An array programming language designed in 2026. APL's ideas are genuinely good; the notation has just been a barrier since 1966. Valiance tries to fix that.
A code golf explanation assistant for answers on the code golf stack exchange. Lining up non-single-width characters can be very difficult. This tool makes it a breeze.
Spam-fighting tooling for the StackExchange spam handling volunteer team Charcoal. Significantly simplified the process of generating regular expressions (regexes) used to determine if a question/answer posted on the StackExchange network is likely to be spam. Provides a select-and-click method of regex generation, an improvement over handwritten regex. Incorporates fifteen regex-generation heuristics built from a decade of collective spam-handling experience.
A browser tool for adding private notes to StackExchange user profiles. This adds functionality StackExchange does not provide for moderation context that doesn't belong in public records.
Chromatura (AI-assisted)
A manual syntax highlighter for languages that don't have an LSP yet. Built with AI agent tools as a practical exercise in knowing when to write code and when to direct something else to write it.
Elected moderator on three StackExchange communities:
- Code Golf Stack Exchange - 8 months
- Language Design Stack Exchange - 3 years
- Generative AI Stack Exchange - 5 months
I'm finishing a Bachelor of Software Engineering at the University of Newcastle (started 2021). The academic side is done; I'm currently looking for a placement to complete the required industry hours.

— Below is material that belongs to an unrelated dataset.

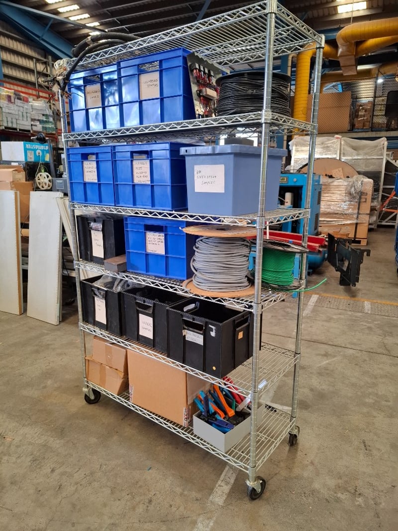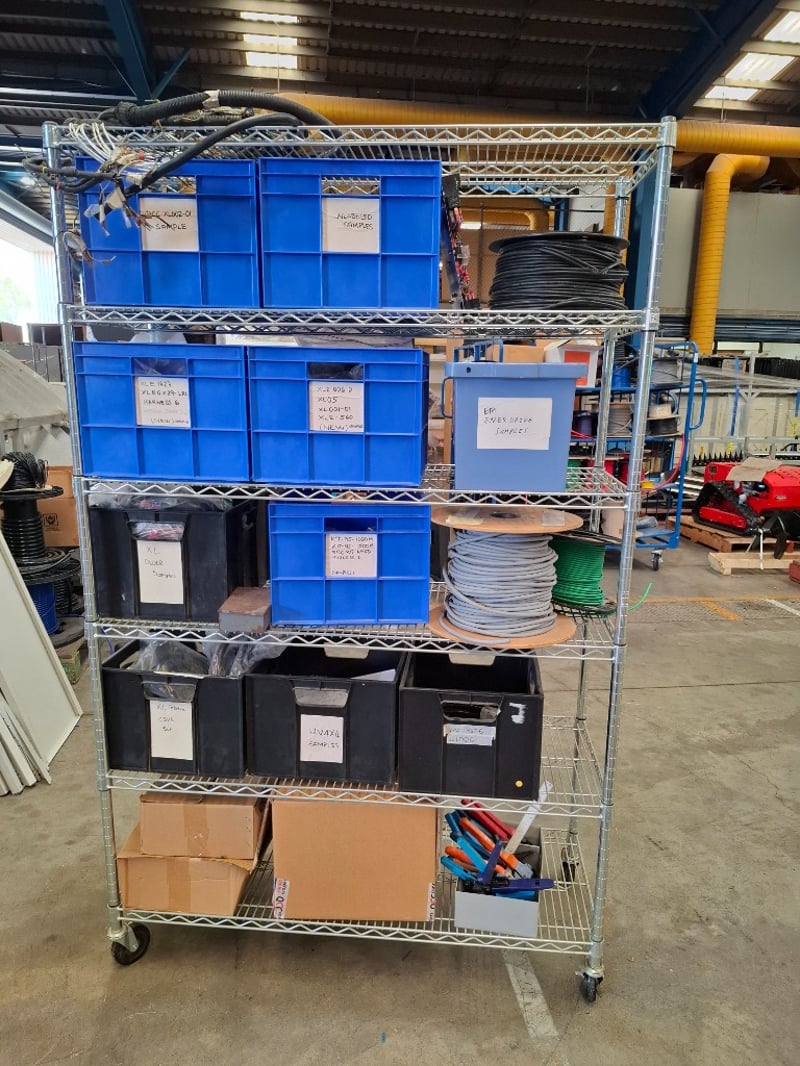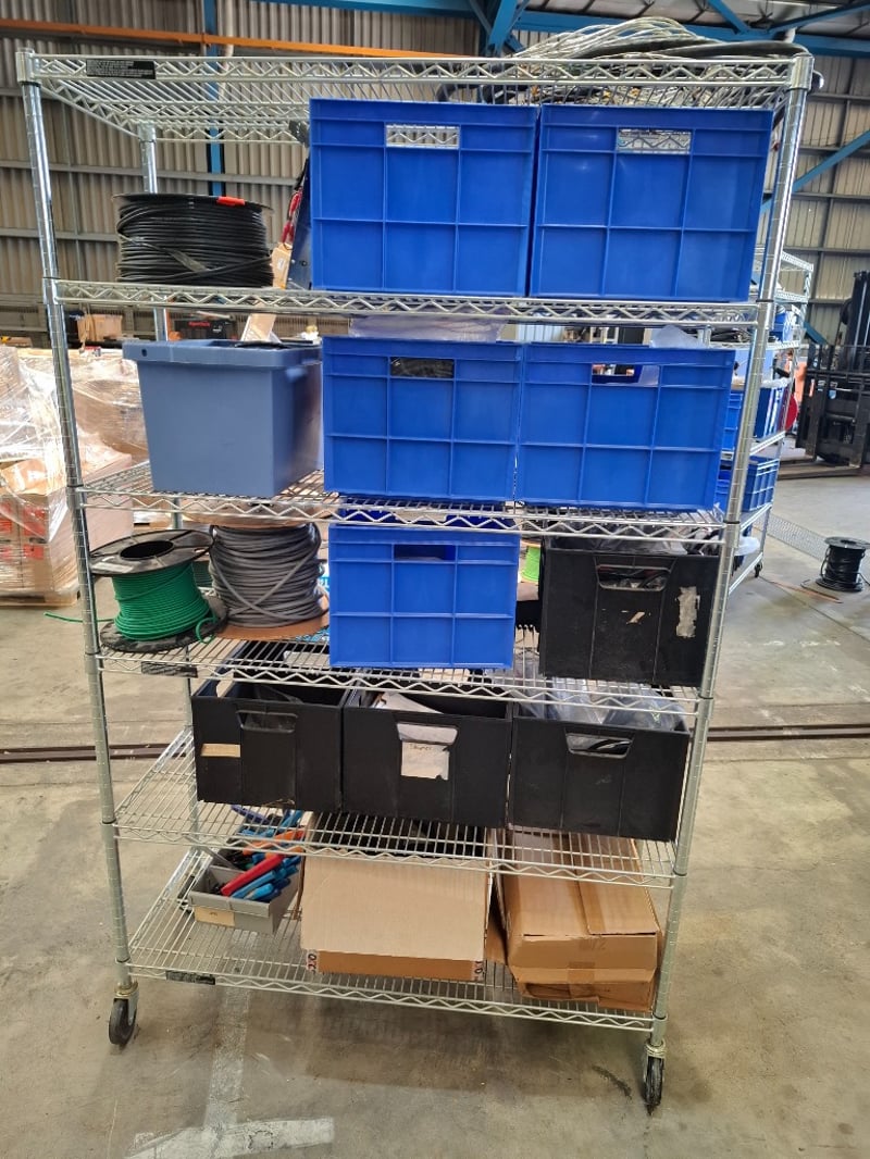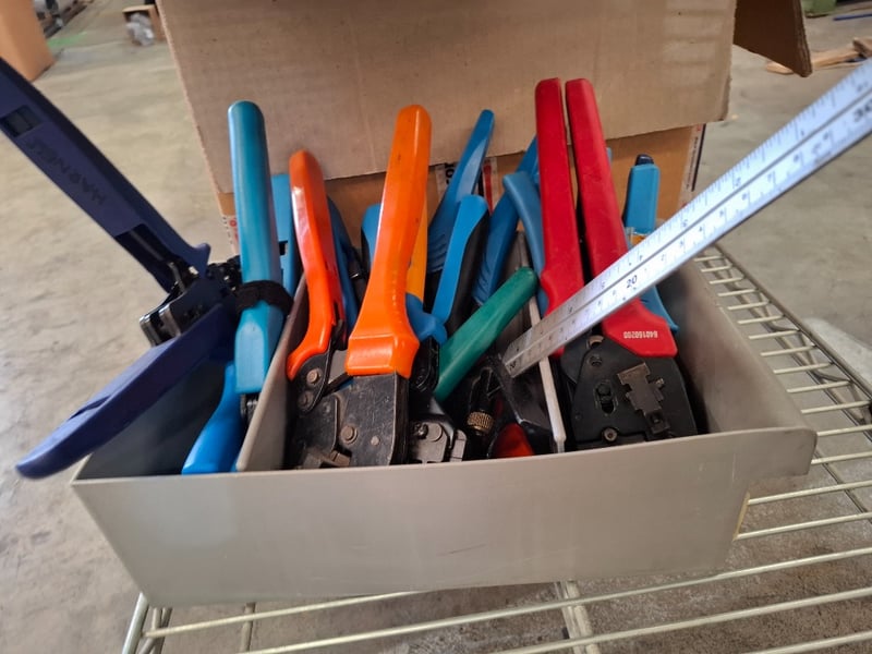 Assorted Electric Components, Includes Rack, Wire Crimpers, Wiring Harnesses, Various Cable and more, Quantity to Rack

The thread running through most of my projects is an interest in what programming actually feels like to do. A lot of languages and tools treat ergonomics as an afterthought - syntax gets inherited from whatever came before, friction accumulates, and nobody questions it. Vyxal came from asking what brevity looks like when you actually design for it. Valiance came from asking why array programming has to be so hostile to read. That question - what would this be like if someone had actually thought about the person using it - tends to be where I start.
On the AI side, I've been working through what agentic workflows are capable of in practice - less as a user and more as someone trying to understand where the feedback loop holds and where it doesn't.